The rain hammered the windshield like it had a personal grudge, turning the world outside into a smeared mess of neon and shadow. Rayco gripped the steering wheel tighter, knuckles pale against the worn leather, his eyes locked on the faint red glow of the truck's taillights ahead. Every splash of water under the tires felt like a countdown. His heart thudded steady but heavy in his chest—not the wild panic of his first death, but that deep, gnawing dread that never really left. The kind that whispered the Tyrant's smile in the back of his mind.

Elisia sat rigid beside him, her seatbelt pulled taut across her chest. She kept glancing at the side mirror, then at him, her fingers drumming a nervous rhythm on her knee. The warmth from her hand earlier in the safehouse still lingered on his skin, a small defiance against the chill seeping through the van's vents. "They're not speeding up," she said quietly, voice barely cutting over the wipers. "Like they don't even know we're here. Or they don't care."

"Or they want us to follow," Rayco muttered. The thought sat cold in his gut. Solerno didn't make sloppy moves. That man played games with people's lives the way the Tyrant had toyed with its prey—slow, deliberate, savoring the setup.

Jake leaned forward from the back seat, his breath warm on Rayco's neck. "Two more vans just peeled off from that side street. Mike's team is boxing them in loose. We stay back, right? No cowboy shit?"

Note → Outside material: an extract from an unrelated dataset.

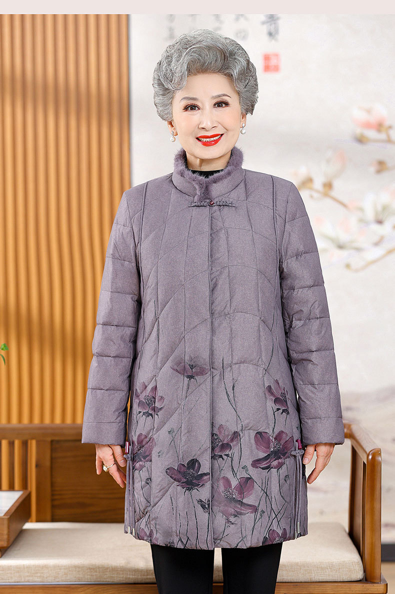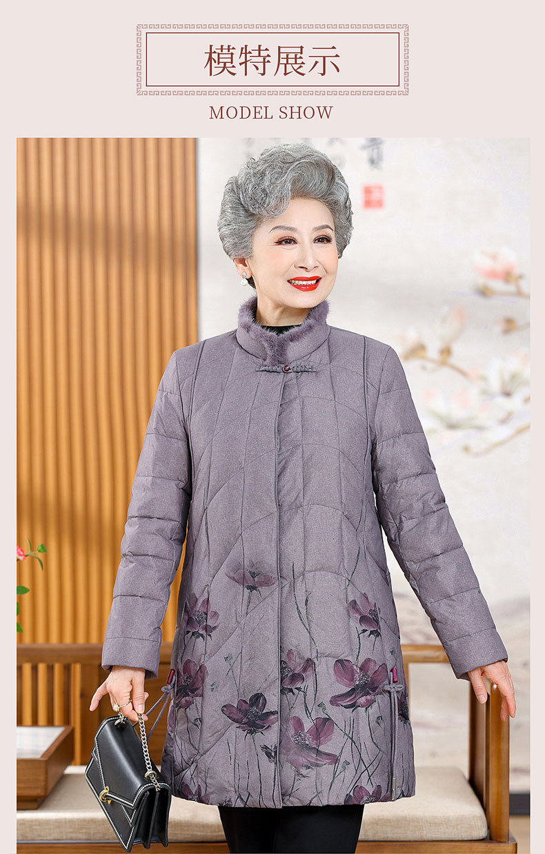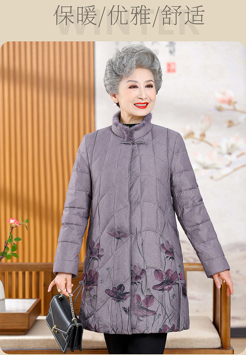 90絨毛白鴨絨毛母ダウンジャケットミンク毛襟気質中高年母装祖母秋冬コート綿入れ
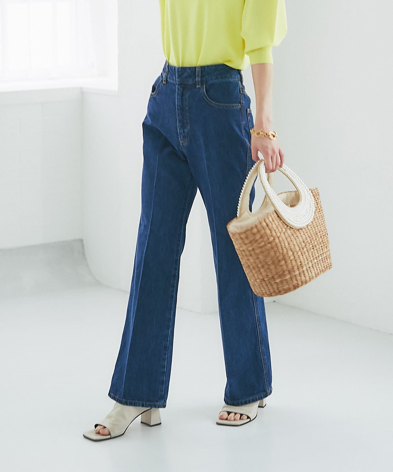 【CURRENTAGE(カレンテージ)】センタープレス細身フレアデニム

"Right," Rayco said, forcing his voice even. But inside, frustration boiled. In his old timeline, hesitation like this had cost him everything. Lisa and Carlos's faces flashed—wide-eyed panic as they shot his leg and ran. He shoved it down. Not this time. These people weren't leaving him behind. They were here, breathing the same damp air, trusting him to steer them through.

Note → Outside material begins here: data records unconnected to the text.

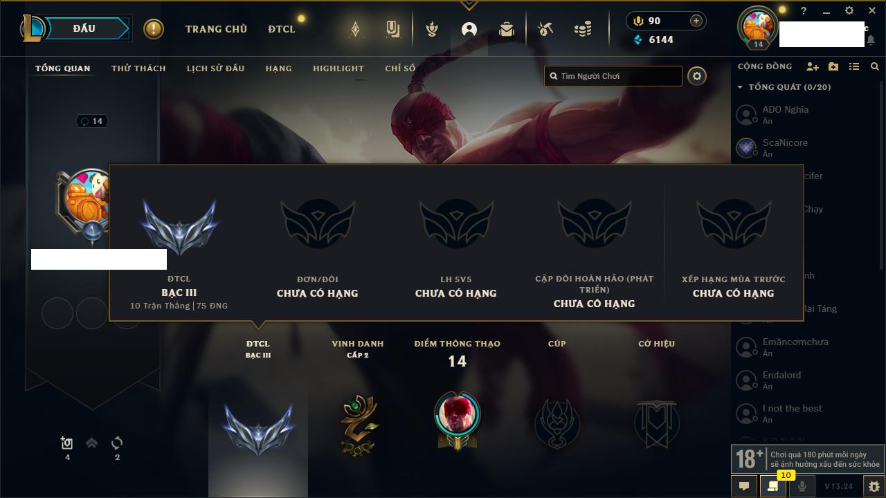 Rank Đơn: Đồng IIKhung: ĐồngTướng: 172 - Còn 35937 THXTrang Phục: 81Rank ĐTCL: Chưa RankLinh Thú: 38
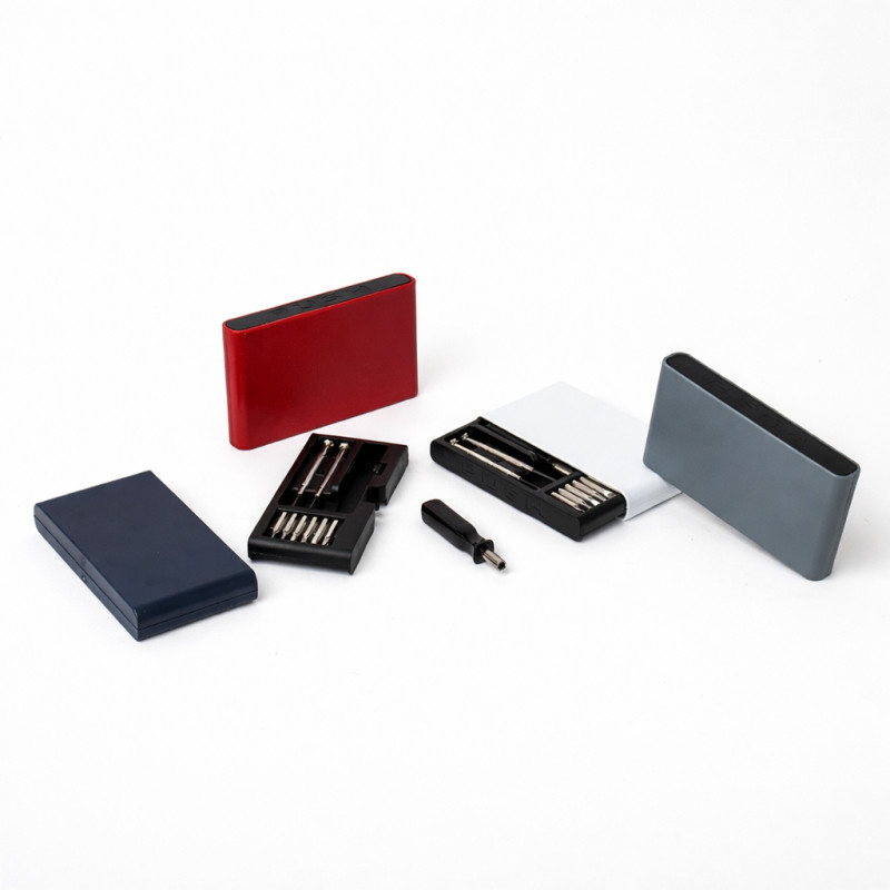 Kit ferramenta com 9 peças em estojo plástico com botão de acionamento. Contém: 1 chave extensora rotatória para conexão das ponteiras, 3 ponteiras Phillips, 3 ponteiras fenda, 1 chave Phillips, 1 chave de fenda.
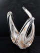 Skulpturel glas skål, lavet i opalglas med røde glassten som indlæg og klart glas som overfang
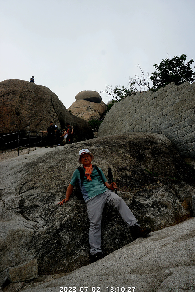 열심히 올라오시는 노교수님~~ 뒤에 만경대가 보인다.
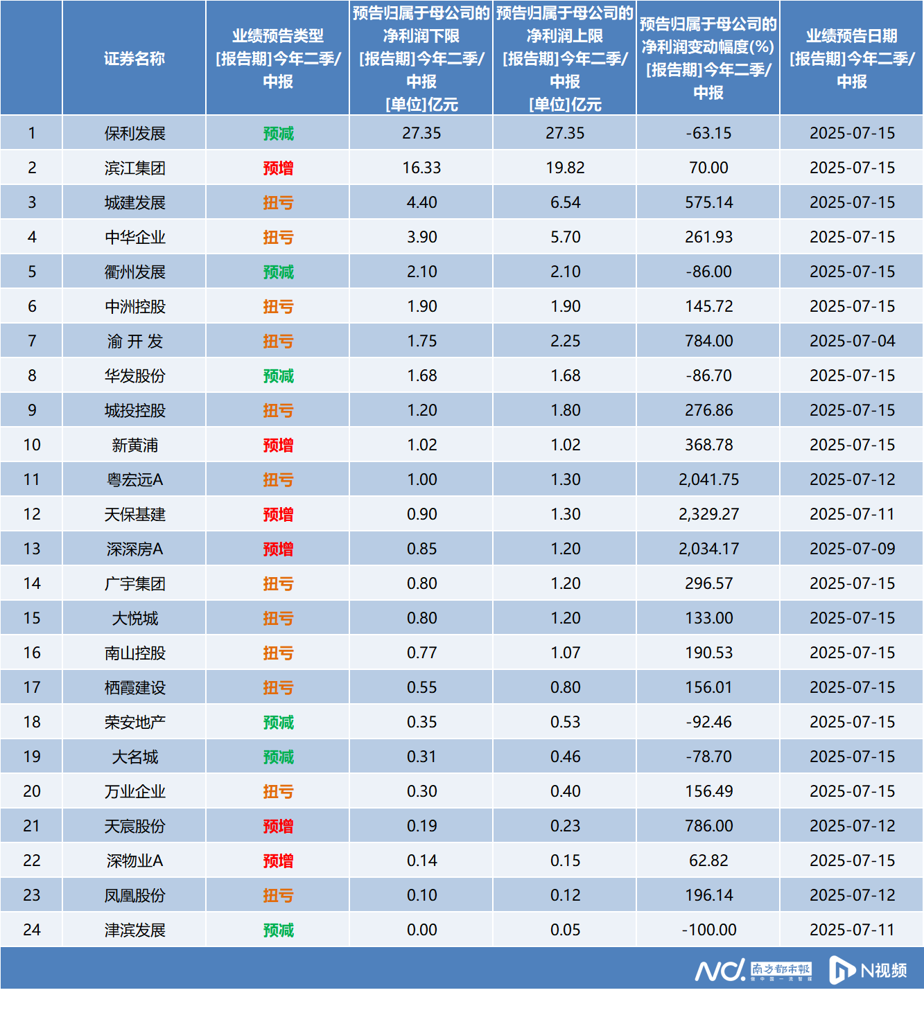 尽管2025年上半年众多房企面临亏损或业绩下滑的困境,但值得一提的是,一些企业通过积极应对策略,已悄然开启局势的逆转。南都·湾财社记者梳理发现,2025年上半年有24家房企实现盈利,累计盈利68.68亿元至80.16亿元。其中6家企业预计录得净利润增长,12家企业实现了扭亏为盈,包括城建发展、中洲控股、城投控股、大悦城、南山控股等房企。
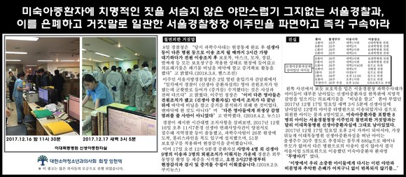 À̾î "±×·³¿¡µµ ºÒ±¸ÇÏ°í ¼¿ï°æÂûû°ú ÀÌÁֹΠûÀåÀº Áø½ÇÀ» ¼û±â°í °ÅÁþ¸»·Î ±âÀÚ°£´ãȸ¸¦ ÇÏ´Â µî »ç½ÇÀ» ÀºÆóÇϱ⿡¸¸ ±Þ±ÞÇØ ¹Ì¼÷¾ÆµéÀÇ »ý¸í°ú °Ç°À» ÁöŰ´Â ¼Ò¾ÆÃ»¼Ò³â°ú ÀÇ»çµé»Ó¸¸ ¾Æ´Ï¶ó Àü ÀÇ·á°èÀÇ °øºÐÀ» »ç°í ÀÖ´Ù"°í ¹àÇû´Ù.
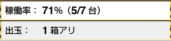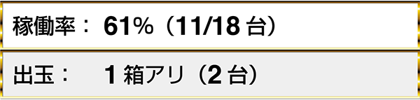 バラエティコーナーの『SLOTギルティクラウン』や『戦国コレクション3』、設置台数の多い『ニューキングハナハナ-30』などに1箱以上の出玉を獲得しているプレイヤーがみられた。
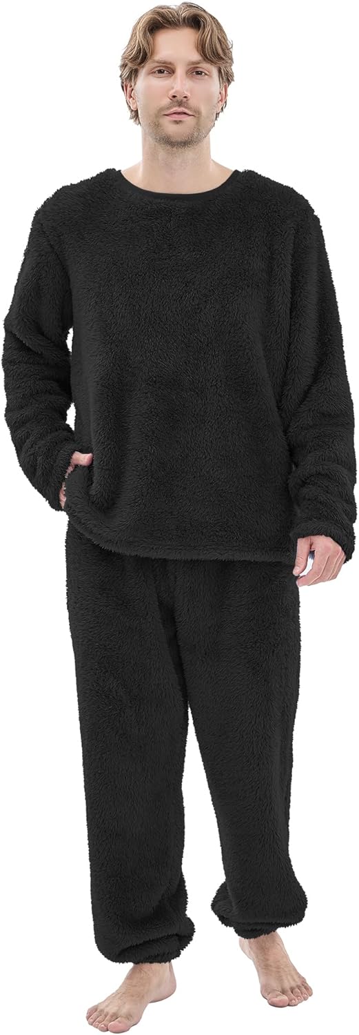 Fleece Mens Pajamas Set, Big and Tall Fluffy Adult Pjs Sets with Tops and Bottoms Fuzzy Warm Soft Winter Loungewear
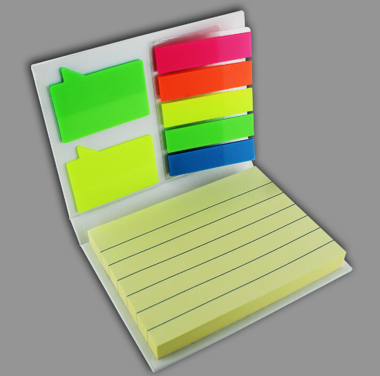 Estuche con notas adhesivas y banderas de colores pasta dura

The warehouses loomed ahead like forgotten giants, rusted metal siding streaked with years of neglect, puddles reflecting the weak security lights in oily ripples. The truck slowed, turning into a gated lot flanked by chain-link and coiled razor wire. Rayco killed the headlights and pulled the van into the shadow of an abandoned loading dock two blocks back. The engine ticked down to silence, leaving only the rain and their breathing.

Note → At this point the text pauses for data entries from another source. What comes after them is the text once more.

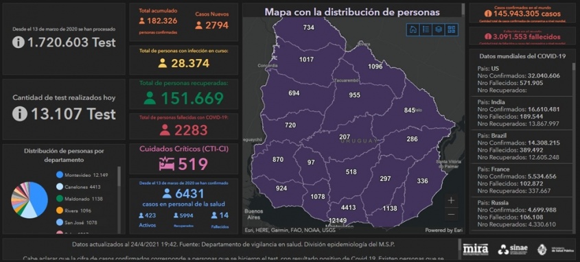 Actualmente hay 28.374 personas contagiadas, de las cuales 519 están internados en cuidados intensivos, informa el Sistema Nacional de Emergencias (Sinae).
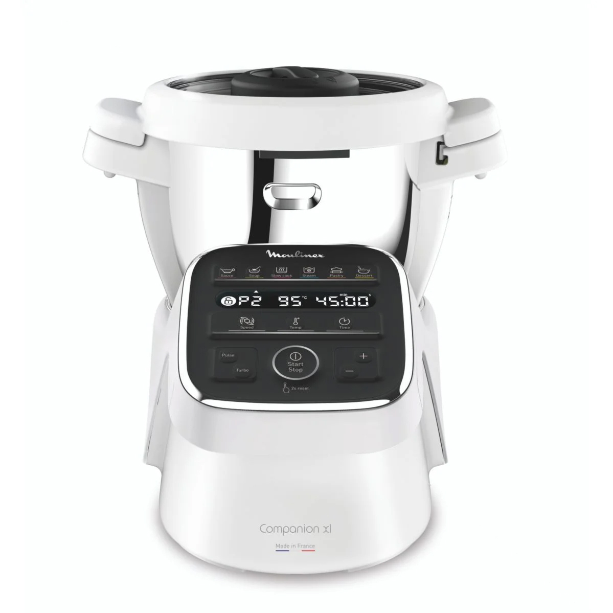 Adonnez-vous aux petits plaisirs de la vie pendant que votre Companion XL fait tout le travail en cuisine. Fabriqué en France, ce robot cuiseur multifonction est facile à utiliser et très polyvalent grâce à ses 14 modes dont un mode manuel et ses 5 accessoires qui vous permettent de réaliser parfaitement tout type de recettes. Son bol grande capacité (4,5L) est idéal pour préparer de délicieux plats pour toute la famille et amis jusqu'à 10 personnes. L'application gratuite Moulinex vous propose une inspiration illimitée avec de nouvelles recettes ajoutées chaque mois, ainsi que de nombreux services personnalisés. Avec le robot chauffant Companion XL, profitez de plus de saveurs sans en faire plus !
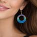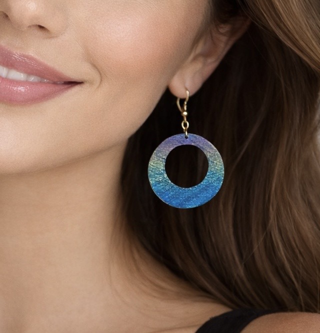 Add a pop of color to your outfit with these unique rainbow hoop earrings. Featuring a blend of blue, yellow, and purple hues, these earrings are sure to catch the eye. These larger but very lightweight hoop earrings are made of a wood base with a faux leather surface, covered with glossy resin…making them comfortable to wear all day long. Very colorful — and will match many outfits.
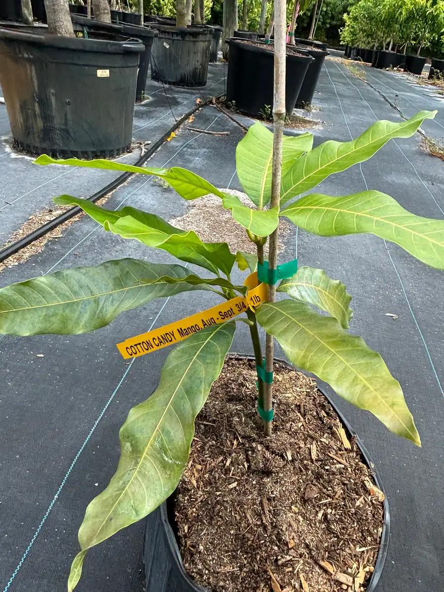 This offering is for a Cotton Candy Dwarf Mango tree, which arrives as a live plant in a 3 gallon pot. Each tree is professionally grafted and fully rooted, ensuring a strong start and true-to-type fruit production. The size of the mango trees can vary by season and the popularity of the variety, reflecting their natural growth cycles. Upon arrival, your mango tree will be established in its 3-gallon container, with a healthy root system ready for planting in its permanent location or a larger pot. These trees exhibit a moderately vigorous to very vigorous growth habit, developing into an attractive, open canopy with vertical branches.
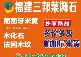 超石集團(tuán)?水頭外墻專場主營產(chǎn)品:葡萄牙米黃,城堡米黃,沉香米黃,德國紅砂,貝魯特,撒哈瑪,保利沉香,新月光(貝金沙),貝金沙,白蘑菇,白沙(粗沙),金碧,金線,埃及米黃,莎安娜,爵士白,奧特曼,云朵拉灰,水晶淺啡,淺啡網(wǎng),撒哈瑪(白底),新西米,莎安娜米黃,新莎安娜,埃及米黃1,撒哈瑪(圓花),米蘭雅白,貝金米黃,白沙米黃,胖子灰,亞洲米黃1,維納多,月光米黃,維納灰,木化石,木化石(塔星礦),木化石(GAB礦),木化石(細(xì)花),木化石1,木化石(摩卡礦),木化石(粗花),木化石白底,木化石細(xì)花,法國木紋,溫莎米黃,雨果石(萊姆石),楓丹白露,葡萄牙米黃1,白沙米黃(中細(xì)沙)企業(yè)地址:福建南安官橋鎮(zhèn)南聯(lián)工業(yè)區(qū)超石集團(tuán)
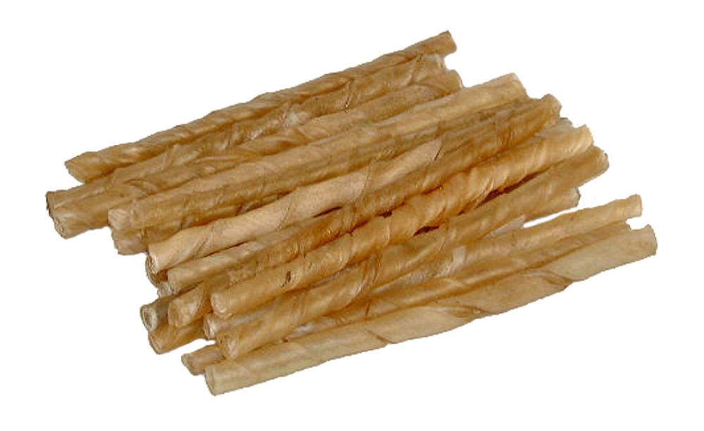 Ces bâtonnets torsadés sont une friandise pour chien qui favorise la mastication et qui permet de nettoyer les dents de l'animal. Le frottement sur les dents élimine la plaque dentaire, limite la formation du tartre et active la micro-circulation sanguine au niveau des gencives. Ces friandises sont adaptées à tous les chiens.
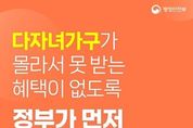 동네방네 김형규 기자 | ■ 다자녀가구가 몰라서 못 받는 혜택이 없도록 정부가 먼저 챙겨드립니다! ▷ 혜택알리미 - 내가 몰라도 찾아서 알려주는 개인 맞춤형 알림 서비스 · 다자녀 국가장학금 · 사회적 배려대상자 도시가스요금 경감 · 전기 요금 복지할인 · 에너지복지요금 지원 · 다자녀가구 자동차취득세 감면 ※ 소득, 거주지 등 개인별 상황에 따라 받을 수 있는 혜택은 달라질 수 있어요. ■ 청년이 몰라서 못 받는 혜택이 없도록 정부가 먼저 챙겨드립니다! ▷ 혜택알리미 - 내가 몰라도 찾아서 알려주는 개인 맞춤형 알림 서비스 · 청년 일경험 지원 · 청년농 창업투자 심층 컨설팅 · 청년주택드림 청약통장 · 청년 월세 한시 특별 지원 · 청년 문화예술패스 지원 ※ 소득, 거주지 등 개인별 상황에 따라 받을 수 있는 혜택은 달라질 수 있어요. ■ 어르신이 몰라서 못 받는 혜택이 없도록 정부가 먼저 챙겨드립니다! ▷ 혜택알리미 - 내가 몰라도 찾아서 알려주는 개인 맞춤형 알림 서비스 · 65세 이상 폐렴구균 국가예방접종사업 · 노인 무릎인공관절 수술 지원 · 노인 일자리 및 사회활동 지원 ·

Ghelle's voice crackled low over the comms from the second vehicle. "Drones are up. Three heat signatures in the truck cab. One's smaller—could be Suarez. Loading dock's got four guards. Armed. Looks routine."

Marcus cursed under his breath from the back. "Routine for what? Shipping apocalypse parts?"

Cyrus shifted, checking his pistol with a soft click. "We move on foot from here?"

Rayco nodded, already reaching for the door handle. The rain hit him like needles as he stepped out, soaking through his jacket in seconds. It carried that sharp, metallic tang of the port—salt, diesel, and decay. His leg ached from old memory, a phantom throb that made him favor it slightly as they crept along the fence line. Elisia stayed close, her shoulder bumping his arm now and then, a silent reminder that he wasn't alone in the dark.

They crouched behind a stack of rotting pallets, water dripping from the edges onto their necks. Up ahead, the truck's rear doors yawned open. Guards in dark rain gear moved with practiced efficiency, hauling a metal crate that looked too heavy for one man. A figure stumbled out next—thin, disheveled, glasses fogged by the downpour. Dr. Suarez. Even from this distance, Rayco could see the slump in his shoulders, the way his hands trembled as a guard prodded him toward the building.

"There," Rayco whispered, emotions knotting tight in his throat. Relief mixed with anger—this was the man who could change everything, reduced to a pawn. "He's alive. But we can't rush it. One guard's got a radio. If he calls it in—"

A shout cut him off. Not from their side. One of the guards spun toward the shadows near the gate, rifle up. "Movement! Check it!"

Mike's voice hissed over comms: "Drone spotted. They're onto us. Fall back or—shit, contact!"

Chaos erupted fast. Two of Mike's men broke cover from the far side, drawing fire. Bullets cracked through the rain, sharp and wet-sounding as they smacked into metal. Rayco's pulse spiked. He grabbed Elisia's arm and pulled her lower. "Stay down!"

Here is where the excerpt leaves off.